== INFORMATION SHOWN ==
<<<<

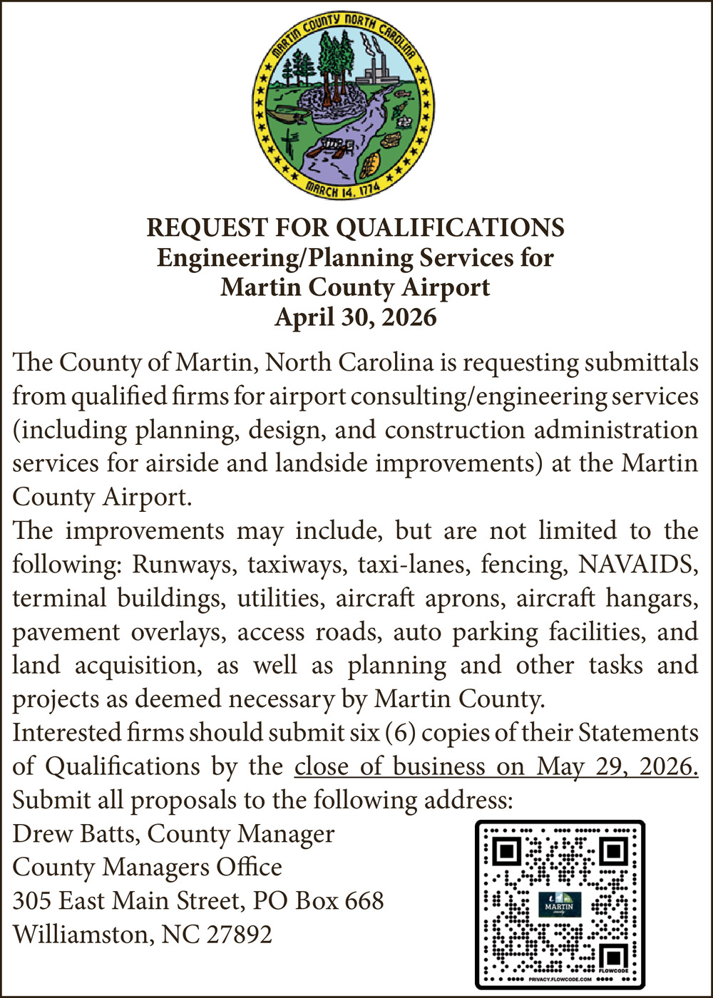 Ads for Martin County Airport in Williamston, NC
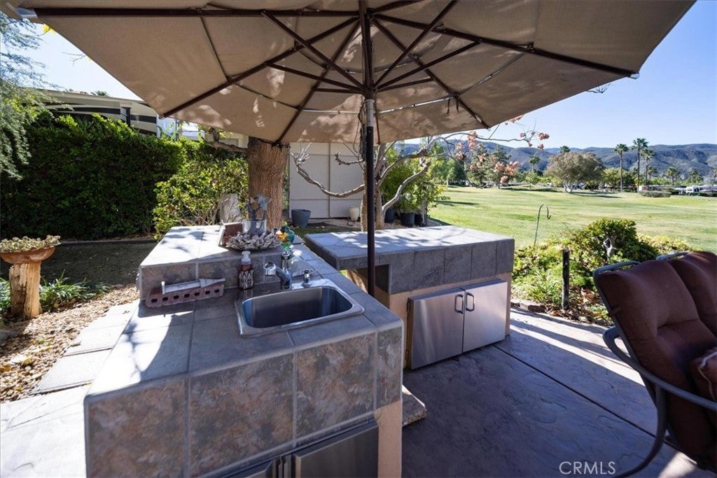 Discover your perfect retreat on a truly expansive lot offering the ultimate in outdoor luxury. This standout space features a built-in barbecue, a washer and dryer, a full kitchen with an oven, three convenient islands, and a refrigerator-freezer combo. Enjoy the shade of an Alumawood cover and pick fresh lemons right from your own tree. Step outside to a spectacular setting with panoramic views: a gorgeous waterfall, a huge grassy knoll, a large pond, and a prime view of the golf course’s fourth hole. Whether you're relaxing, entertaining, or simply soaking in the surroundings, this lot is a rare gem. Come see what makes this location a standout in Rancho California RV Resort! In addition, Rancho California RV Resort enriches your lifestyle with a host of top-tier amenities. Owners enjoy a 14-hole executive par-3 golf course at no extra cost, along with access to five pools and jacuzzis, tennis and pickleball courts, a dog park, two clubhouses, a fitness center, a fishing pond, horseshoes, and a bocce ball area. The resort is guard-gated with no age restriction, ensuring a welcoming environment for all. Monthly HOA fees cover unlimited use of the golf course, all amenities, trash pickup, and water, sewer, and common area maintenance. With financing available, the RV Resort offers the perfect blend of a private property lifestyle and a vibrant community atmosphere.
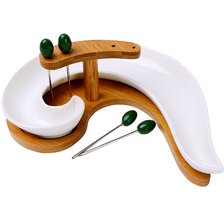 Набор: менажница 1 шт, подставка - 1 шт, шпажки - 4 шт, держатель для шпажек - 1 шт.
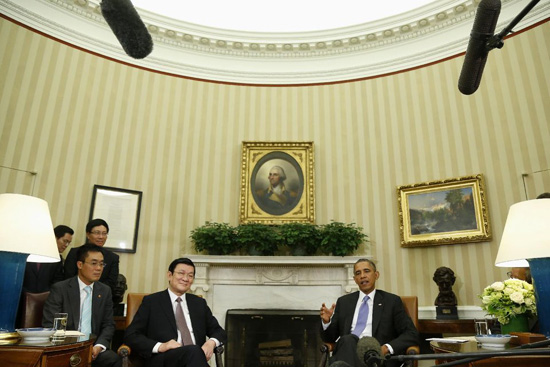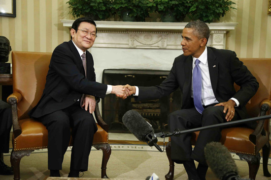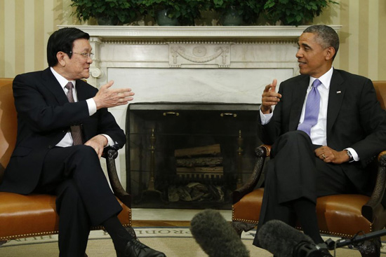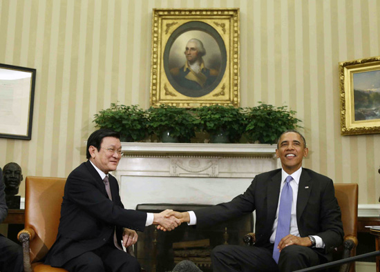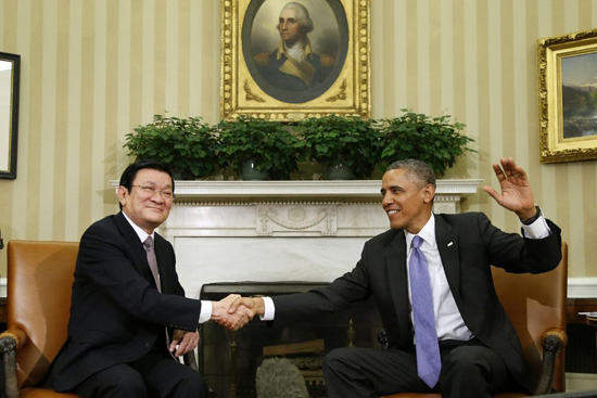 Dưới đây là hình ảnh Chủ tịch nước Trương Tấn Sang bên Tổng thống Obama tại Phòng Bầu dục, Nhà Trắng ngày 25/7 (giờ Washington) do AP ghi lại:

>>>>

== ACTIVITY ==
All of the material should be reproduced exactly, apart from the pictures.

== REPLY TO THE TASK ==
 Ads for Martin County Airport in Williamston, NC
 Discover your perfect retreat on a truly expansive lot offering the ultimate in outdoor luxury. This standout space features a built-in barbecue, a washer and dryer, a full kitchen with an oven, three convenient islands, and a refrigerator-freezer combo. Enjoy the shade of an Alumawood cover and pick fresh lemons right from your own tree. Step outside to a spectacular setting with panoramic views: a gorgeous waterfall, a huge grassy knoll, a large pond, and a prime view of the golf course’s fourth hole. Whether you're relaxing, entertaining, or simply soaking in the surroundings, this lot is a rare gem. Come see what makes this location a standout in Rancho California RV Resort! In addition, Rancho California RV Resort enriches your lifestyle with a host of top-tier amenities. Owners enjoy a 14-hole executive par-3 golf course at no extra cost, along with access to five pools and jacuzzis, tennis and pickleball courts, a dog park, two clubhouses, a fitness center, a fishing pond, horseshoes, and a bocce ball area. The resort is guard-gated with no age restriction, ensuring a welcoming environment for all. Monthly HOA fees cover unlimited use of the golf course, all amenities, trash pickup, and water, sewer, and common area maintenance. With financing available, the RV Resort offers the perfect blend of a private property lifestyle and a vibrant community atmosphere.
 Набор: менажница 1 шт, подставка - 1 шт, шпажки - 4 шт, держатель для шпажек - 1 шт.
 Dưới đây là hình ảnh Chủ tịch nước Trương Tấn Sang bên Tổng thống Obama tại Phòng Bầu dục, Nhà Trắng ngày 25/7 (giờ Washington) do AP ghi lại:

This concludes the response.